Four Ways To Plan A Bright Future Right Now
This post was originally published in Forbes Magazine on April 16, 2020. You can read the post on Forbes website here. Laura Maloney is a member of the Forbes Coaches Council.
Between rising unemployment and social isolation due to COVID-19, the world is certainly in the midst of a crisis. But while crises can yield negative outcomes, they can also present new opportunities.
A crisis, defined, is simply “a radical change of status in a person’s life.” Crises can feel absolutely devastating when you’re in the thick of things. Those who have recently lost their jobs are undoubtedly feeling a host of distressing emotions. But even a crisis that completely knocks us off our feet is an opportunity to reroot ourselves.
Here are a few steps you can take to find your footing after this or essentially any crisis.
Accept what is.
The Buddhist notion that “suffering equals pain times resistance” is helpful to remember in times of crisis. It’s important to know that we can experience the pain of losing our jobs and various facets of our social lives, but we suffer when we resist what is.
One common way people resist their external reality is by resisting their internal emotions. If we attach judgment to certain emotions, we may suppress those we deem inappropriate, impractical, or even destructive. Emotions provide feedback; they cannot be right or wrong. Like the external stimuli that give rise to our internal emotions, they simply are.
Circumstantial problems are solvable. But when we beat ourselves up for our emotions on top of the pain life throws at us, we can become trapped in a maze of psychological chaos that is much more difficult to escape. The Buddhists explain this phenomenon in terms of two darts: when life throws one dart at us, we can accept what is or punish ourselves more by inflicting the suffering of a second dart.
Allow yourself to feel your emotions.
Pay attention to the emotions you’re feeling without judging them or wishing them away. Notice where any emotion you might be feeling – fear, sadness, anger – may be lodged in your body – your throat, your chest, your stomach – and how you might release it in a physical but nondestructive way.
Some people may seek to regulate emotions through exercise, like running or cycling. Others may need to pound a pillow, while yet others might only be able to curl up in bed and cry. However you release your emotions should be exactly what feels right to you. Finding a way to release an emotion is one way to help it dissipate. Dancing (whether it’s furious or fun) to your favorite tunes in the comfort of home during quarantine is a great way to release pent up energy.

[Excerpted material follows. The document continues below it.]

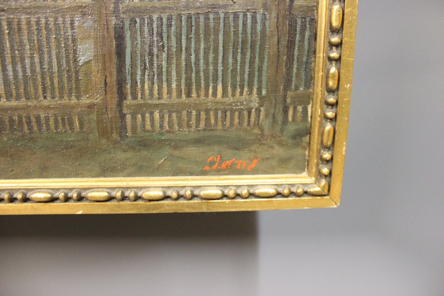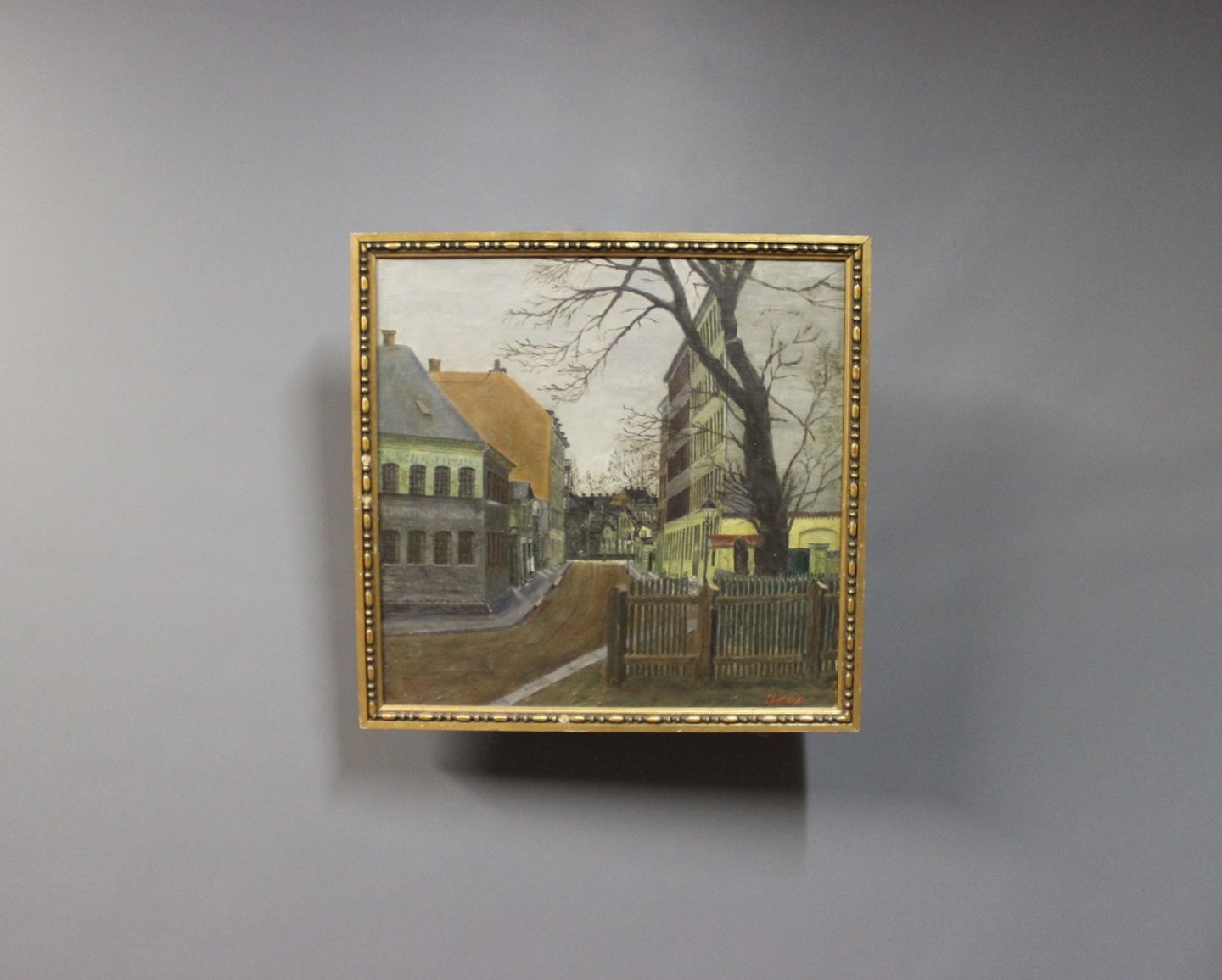 Painting on canvas in dark colors signed Jøns.

When we’re worried about how we’ll keep a roof over our head and food on the table, processing emotions might seem like a costly waste of time. But if we don’t release our emotions, we allow them to strongarm us, making it much more difficult – if not impossible – to act rationally. Ultimately, emotional release clears the way for practical and purposeful action.
Plan for short-term essentials.
If you’ve recently lost your job and you don’t have a financial safety net for the immediate future, you need to map out a plan for how you will meet your essential needs. Remember that your short-term plan does not have to be your long-term plan, but it may be the means by which you achieve your future goals.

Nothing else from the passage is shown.